As I sat down to write this post, I just now realized that tomorrow will mark 10 months since the unexpected death of my father. Ten whole months. It’s simultaneously been an incredibly long and also painfully quick ten months, and it’s hard to believe it’s already November.

That being said, I’ve been trying to equip myself with plenty of self-care tools because I know the next two months will bring a lot of anniversaries. A lot important dates, milestones.

  • Later this month, I turn 28. It will be my first birthday, in my entire life, without my Dad.
  • Thanksgiving, while not a holiday I’d typically celebrate with him, will be my first without Dad.
  • Christmas Eve – which will mark one year since the last time I saw my Dad alive. We went to his apartment last Christmas Eve and I spent three and a half hours putting together a TV stand that my sister and I bought him. Little did I know that would be the last time I would see him alive. I wish I’d taken more photos of him, of us, together.
  • Then Christmas, the first Christmas without Dad.
  • Then December 31, which I believe will mark a year since the last time I spoke to my Dad. I think I called him; I remember hearing that he’d left work early a few days prior because he supposedly wasn’t feeling well — so I called him, while at the arena, waiting for a game, and said (half-jokingly) “Should I be worried about you?” I’ll never forget his nonchalant attitude, his affirmation – “No, no, it was a misunderstanding, I’m fine.” Just a few days after that conversation, he died.
  • January 1. A new year, 2019. A calendar year in which my Dad has never, and will never, be alive.
  • January 4, which will mark the one-year anniversary of his death.
  • January 12, his birthday. He would’ve been 61. Also, the one-year anniversary of his funeral.
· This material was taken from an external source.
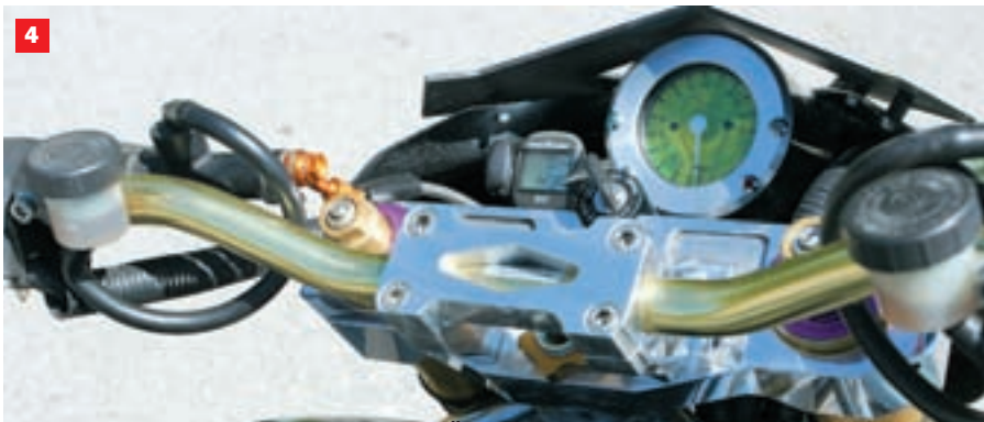
(1) Oslonci za noge djeluju vrlo efektno (2) Šiljati zubi "špice" ugrađuju se samo u izložbene svrhe (3) Osim atraktivnog izgleda cjevasti okvir CrNiMoTi 4404 odlikuju velika čvrstoća i mala težina (4) Upravljački sklop je također ručne izrade (5) Unikatni "konjići" (6) Masivni mostovi upravljača vrlo su efektni (7) Amortizer upravljača od Yamaha R1

Also – no specific date, but hopefully very soon we’ll be able to finally close my dad’s estate.

I’m trying to prepare myself, as I know these days will not be easy. Maybe they won’t be as tough as I’m thinking, but I can’t know until I’ve reached them. So I’m trying to take care of myself and do what I need to get through the next few months. I’m actually heading to a “Grief and the Holidays” meeting/workshop this coming week that I hope will give me some skills/tools to deal with everything.

I just have to take it one day at a time.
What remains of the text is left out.